Coinbase is monitoring the purchases its users are making through their bitcoin accounts and is shutting down the accounts involved in transactions with suspicious websites.
Earlier, Coinbase began banning the accounts that have been used to send the digital currency to the gambling websites, including Seals with Clubs and Satoshi Dice, even though online gambling is legal today.
The move, which was taken in order to comply with anti-money laundering regulations, raised concerns that the company is tracking all the purchases made by the users even after the money has been withdrawn from their bitcoin wallets.

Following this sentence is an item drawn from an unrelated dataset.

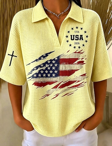 Dia da Independência Americana Mulheres Camisas Polo Waffle Gráfico Bandeira Vintage à moda Clássico Manga Curta Colarinho polo Tops regulares Casual Diário Branco Vermelho Verão Primavera

“I have been a long time coinbase customer, buying 1-3 times per month, I got an e-mail today saying they are banning me from using their services because of a ToS violation. I e-mailed them back to ask what the violations [were] and they told me that they have evidence that I used some of the BTC I bought for cannabis/cannabis seeds. They gave me a specific BTC transaction and said it was for drugs and wouldn’t listen to anything I had to say,” wrote Reddit user ‘White1ce’.
In fact, the problem is that the regulation, which is negatively accepted by the bitcoin users, is not aimed at protecting the consumers. It is, instead, is designed to improve control over the consumers’ expenditures for the benefit of the financial industry.
The account of another Coinbase user was banned after he allegedly sold bitcoins, bought on Coinbase, to LocalBitcoins. The user stated: “Because I buy a few bitcoins a week from Coinbase (although sometimes I will go months without buying any) I was flagged as having enough volume to potentially be a Money Services Business (MSB) and the Coinbase ‘compliance team’ mounted an investigation against me. They determined that ‘they have reason to believe’ I am selling Bitcoins on LocalBitcoins, even though they haven’t said what that reason is, and therefore are suspending my account.”
According to Coinbase, the company’s decision was taken in order to stay in accordance with the drug laws and federal anti-money laundering regulations. Still, it seems like the company went too far with its regulation, as it is not only monitoring the purchases made via the service, but is also tracing the users’ spending after they withdraw the coins from their wallets.